Minister of State Zoltán Nemessányi delivered the following opening remark at the Conference on International Sales Contract in the 21st Century in Győr on 19 February 2015. The script of the remarks as prepared for delivery.

“I have the honour to open the conference celebrating the 35th anniversary of the Convention on Contracts for the International Sale of Goods (CISG).

There is indeed a very good reason to celebrate the CISG. 83 states are parties to the Convention from all over the world, countries of various legal traditions and very different levels of economic development. The number of States parties is still growing: 9 countries have joined the CISG since 2010. This latter fact shows that the CISG could be an attractive solution to businesses in the international commerce in the 21st century as well.

The CISG created uniform, directly applicable rules on contracts of international sale of goods introducing legal certainty in international trade law which was apparently very much appreciated. One may compare the CISG with the success of the Hague Conventions which on several occasions tried to provide purely conflicts of law rules to international sale of goods. None of these conventions could reach more than 8 states parties and the latest Hague effort in 1986 to determine the law applicable to contracts for the international sale of goods attracted only 2 ratifications from all over the world.

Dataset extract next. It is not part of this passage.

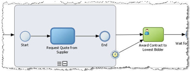 - If not all the suppliers have placed their bids, the Timer Catch event (note the clock on the right edge of the Multi-Instance Subprocess activity) times out after the designated time interval.

Another factor which shows the huge success of the CISG is that it is accepted by so many countries worldwide, with relatively small number of reservations and declarations. In this regard I may inform you that in the Ministry of Justice we are preparing the withdrawal of the Hungarian declaration requiring written form of international sales contracts. In fact, the Hungarian legal provision on mandatory written form to contracts of “foreign trade” was repealed by 1 May 2004; already before that date Hungarian court practice tried to loosen this formal requirement taking into account the flexibility of trade law. In the new Civil Code mandatory written form is only exceptionally required for certain types of contracts, but not for international sales contracts. In this context we find it reasonable to withdraw this declaration. We expect that the withdrawal would add to legal certainty to parties having their place of business in Hungary as well as to their contractual partners and the legal conditions of a contract of international sale of goods would be similar to those of internal contracts.

We should not forget that we, Hungarians have a special reason to celebrate the CISG. The famous Hungarian professor, Gyula Eörsi played a leading role in the adoption of the Convention, which is the core of international trade law. He headed the diplomatic conference adopting the CISG, and his studies, comments on the Articles are still cited by lawyers all over the world.

When we are examining the effects of the CISG on legislation and legal practice of today I shall mention our new Civil Code which came into force last year. From the sources of international law, our legislation on contracts was mostly inspired by the CISG. At this stage I cannot cite all principles and articles which were taken over from CISG, becoming part of Hungarian law. Just as examples I would refer to rules on the conformity of the goods with the contract (Article 35 – 6:123.§) or on payment for excess quantity taken by the buyer (Article 52 - 6:125.§)). However, if I should indicate which provisions of the CISG affected our new Civil Code most, which articles changed our law on contracts most significantly, I would mention the foreseeability clauses. In this context I may say that Articles 74 and 79 have become part of Hungarian law, in the context of liability for damages caused by non-performance. According to Section 6:142. of our new Civil Code - in line with paragraph 1 of Article 79 of CISG – the party breaching the contract shall be relieved of liability only if he proves that non-compliance was due to an impediment beyond his control, which could not have been foreseen at the time of the conclusion of the contract and he could not have been expected to avoid this impediment or prevent the damage.  With regard to the extent of damages, there is also a foreseeability clause in our law (para 2 of Section 6:143), namely the one we know from Article 74 of CISG. Therefore consequential damages shall be paid by the party in breach only to the extent that the obligee may prove that the damages as the potential consequence of non-performance were foreseeable at the time of the conclusion of the contract. I believe these examples show how the considerations leading the legislators of CISG on fair division of risks between contractual parties still influence the legislation today.

I would also like to take this opportunity to inform you that the Ministry of Justice is taking over responsibilities from the Ministry of Foreign Affairs and Trade with regard to UNCITRAL. The Ministry of Justice will coordinate Hungarian participation in the work of UNCITRAL and will take part in working groups on arbitration, online dispute resolution and insolvency.

I very much look forward to this conference and thank the Széchenyi István University to provide a forum for discussing so interesting  and complex questions - how the CISG operates in a completely different world than in 1980 and how it relates to works within the European Union. Thank you for your attention.”